Example of my dataframe:
> df$city
[1] "BOSTN" "LOS ANGELOS" "NYC" "CHICAGOO"
[2] "SEATTLE" "BOSTON" "NEW YORK CITY"
I have a csv file I created that has a list of all the misspelled city names and what the correct name should be.
> head(city)
city city_incorrect
1 BOSTON BOSTN
2 LOS ANGELES LOS ANGELOS
3 NEW YORK CITY NYC
4 CHICAGO CHICAGOO
Ideally I would write code that replaces values in df$city based on the "city.csv" file.
Note: I originally posted this question and someone suggested I use merge, I don't think this is the most efficient way to solve my problem because I would also have to include the 600 correctly spelled cities in my "city.csv" file. OR I think I'd need an additional step that combines the two columns from the merge dataframe. So I think it's probably easier to just REPLACE values in df$city based on "city.csv".

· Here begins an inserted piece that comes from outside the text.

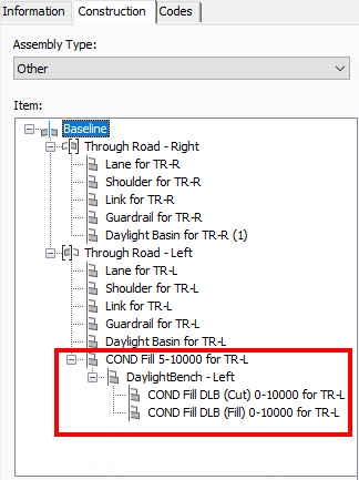 | Layout Width | 20.0000’ | Specifies the length of the line that is drawn to represent this subassembly in layout mode. This parameter, in combination with the Layout Gradient parameter, allows you to position the ConditionalCutOrFill subassembly and subassemblies that are attached to it, but does not display or have any effect in the corridor model. |

EDIT: Here's a more detailed look at my dataframe
> df[1:5]
id owner city state
1 AAAAA BOSTN MA
2 BBBBB LOS ANGELOS CA
3 CCCCC NYC NY
4 DDDDD CHICAGOO IL
5 EEEEE BOSTON MA
6 FFFFF SEATTLE WA
7 GGGGG NEW YORK CITY NY
8 HHHHH LOS ANGELES CA
If I use merge or cbind won't it just create another column at the end of my dataframe like this:
> merge()
id owner city state city_correct
1 AAAAA BOSTN MA BOSTON
2 BBBBB LOS ANGELOS CA LOS ANGELES
3 CCCCC NYC NY NEW YORK CITY
4 DDDDD CHICAGOO IL CHICAGO
5 EEEEE BOSTON MA
6 FFFFF SEATTLE WA
7 GGGGG NEW YORK CITY NY
8 HHHHH LOS ANGELES CA
So the cities with misspelling will be corrected, but the cities that are spelled correctly will be left out. What I want in the end is one column that has all the corrected city names.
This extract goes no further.